How can one evaluate the integral $$\int\frac{\sqrt{x^2-1}}x\mathrm dx$$?

I tried substituting $x = \cosh t$ but got stuck at $$\int\frac{\sinh^2t}{\cosh t}\mathrm dt$$

Any hints?

Answer 1

Put $X^2=x^2-1$ then $x^2=X^2+1$.

$2x\mathrm dx=2X\mathrm dX$.

$$\int\frac{\sqrt{x^2-1}}{x}\mathrm dx=\int\frac{X^2}{x^2}\mathrm dX=\int\frac{X^2}{X^2+1}\mathrm dX$$

Answer 2

Let $ x = \sec u $. Then, $ \mathrm{d}x = \sec u \tan u \, \mathrm{d}u $. Then, the integral becomes $$ \int \tan^2 u \, \mathrm{d}u = \int \left( \sec^2 u - 1 \right) \, \mathrm{d}u = \tan u - u + \mathcal{C}. $$ Then, you can substitute back and finish.

Answer 3

I'll use the hyperbolic substitution you made. (Why not?) Of importance is the hyperbolic dual of the Pythagorean identity, $\cosh^2 x - \sinh^2 x = 1$. Then, one can see that: $$\frac{\sinh^2 t}{\cosh t} = \frac{\cosh^2 t - 1}{\cosh t} $$

This makes your integral: $$\int \cosh t - \operatorname{sech} t\,dt$$

If you know your hyperbolic trig integrals as well as most people know their "normal" trig integrals, you're home free.
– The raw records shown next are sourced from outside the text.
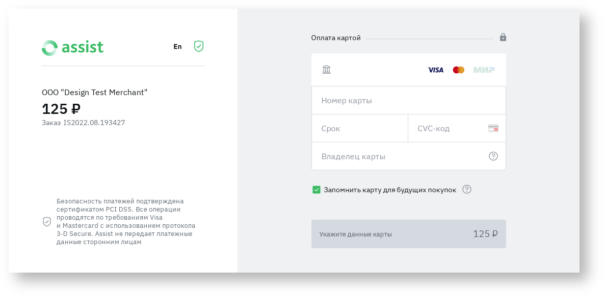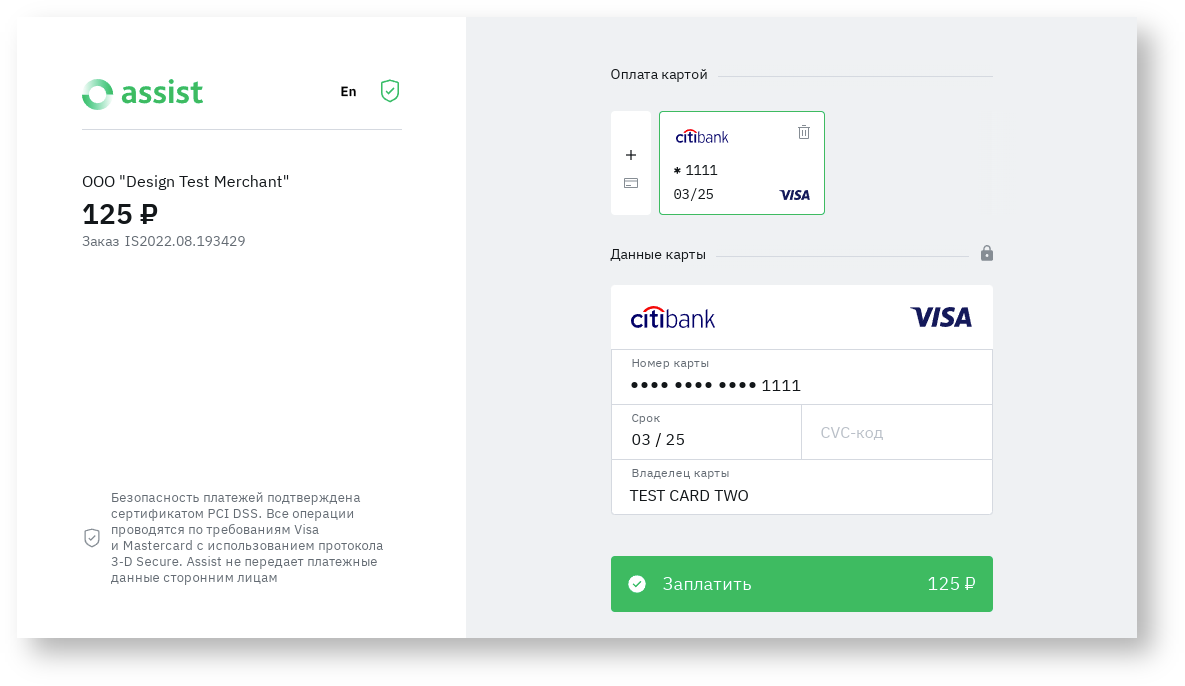 Если у клиента имеется более одной сохраненной карты, то все они отобразятся на платежной странице, чтобы клиент смог выбрать из них нужную для осуществления платежа.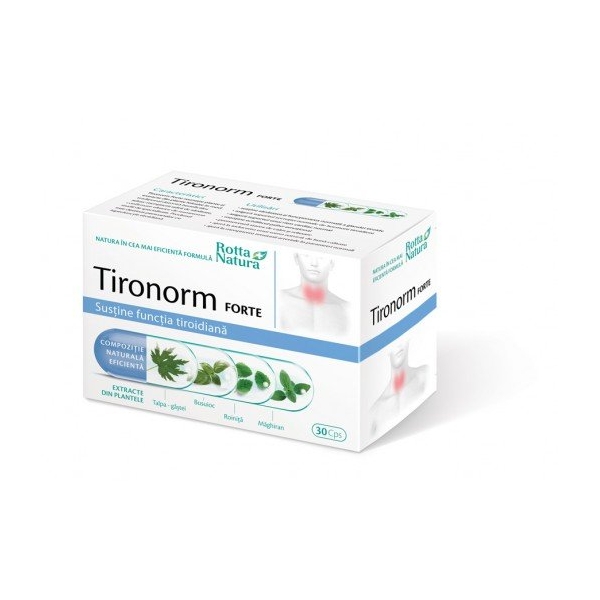Tironorm Forte este un supliment realizat exclusiv din plante care au o actiune blanda de normalizare a functiei tiroidiene. Spre deosebire de alte preparate, Tironorm intervine prin sustinerea mecanismelor naturale de mentinere a echilibrului de secretie a hormonilor tiroidieni in cazul persoanelor cu hipertiroidie. Dereglarea glandei tiroide are ca urmare perturbarea a numeroase procese metabolice, perturband grav functionarea intregului organism. Tironorm Forte ofera solutia atat pentru reducerea functionarii in exces a glandei tiroide, cat si asupra urmarilor cauzate de aceasta( tahicardie, nervozitate, transipratie excesiva, etc.). Plantele din compozitie (Talpa-gastei, Roinita, Maghiranul si Busuiocul) au fost atent selectionate pe baza rezultatelor studiilor stiintifice ce confirma eficienta lor in sustinerea sanatatii tiroidei, consolidand astfel recunoasterea beneficiilor cunoscute de utilizarea lor traditionala.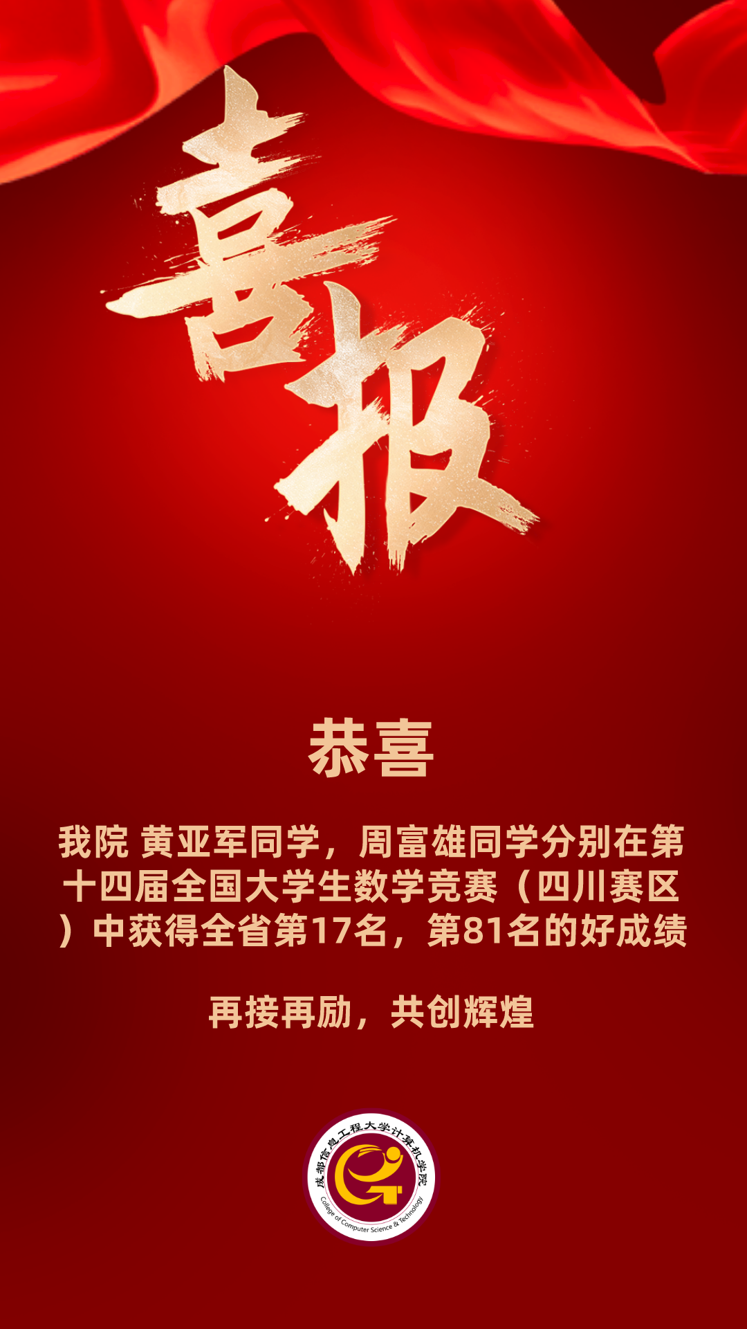您所在的位置: 首页 >> 党建工作 >> 团建工作 >> 团情快讯 >> 正文 团情快讯 必赢官网学生在第十四届全国大学生数学竞赛(四川赛区)中获得佳绩 3月8日,第十四届全国大学生数学竞赛(四川赛区)成绩揭晓,我校学子喜获非数学专业类一等奖24项、二等奖40项、三等奖62项,数学专业B类一等奖3项、二等奖6项、三等奖10项。 其中,必赢官网黄亚军同学,周富雄同学分别获得了全省17名,全省81名的好成绩。 全国大学生数学竞赛是中国数学会主办的一项面向本科生的全国高水平学科赛事,每年举办一次,从2009年开始至今已成功举办过十二届,是全国高校规模最大、影响范围最广的大学生学科竞赛之一,也是国内最高级别的大学生基础数学学科竞赛。 上一条:必赢626net入口在四川省第十七届“挑战杯”大学生课外学术科技作品竞赛上荣获佳绩 下一条:必赢官网团队和个人在2022年必赢626net入口大学生暑期社会实践活动中荣获表彰 【关闭】

Hint: $$\int\operatorname{sech} t\,dt = 2\arctan\left(\tanh\left(\frac{t}{2}\right)\right) + C$$ (According to Wolfram.)

Answer 4

$$ \begin{aligned}\int \frac{\sqrt{x^{2}-1}}{x} d x =& \int \frac{x^{2}-1}{x \sqrt{x^{2}-1}} d x \\ =& \int \frac{x^{2}-1}{x^{2}} d\left(\sqrt{x^{2}-1}\right) \\ =& \int\left(1-\frac{1}{x^{2}}\right) d\left(\sqrt{x^{2}-1}\right) \\ =& \sqrt{x^{2}-1}-\int \frac{d\left(\sqrt{x^{2}-1}\right)}{\left(\sqrt{x^{2}-1}\right)^{2}+1} \\ =& \sqrt{x^{2}-1}-\tan ^{-1}\left(\sqrt{x^{2}-1}\right)+C \end{aligned} $$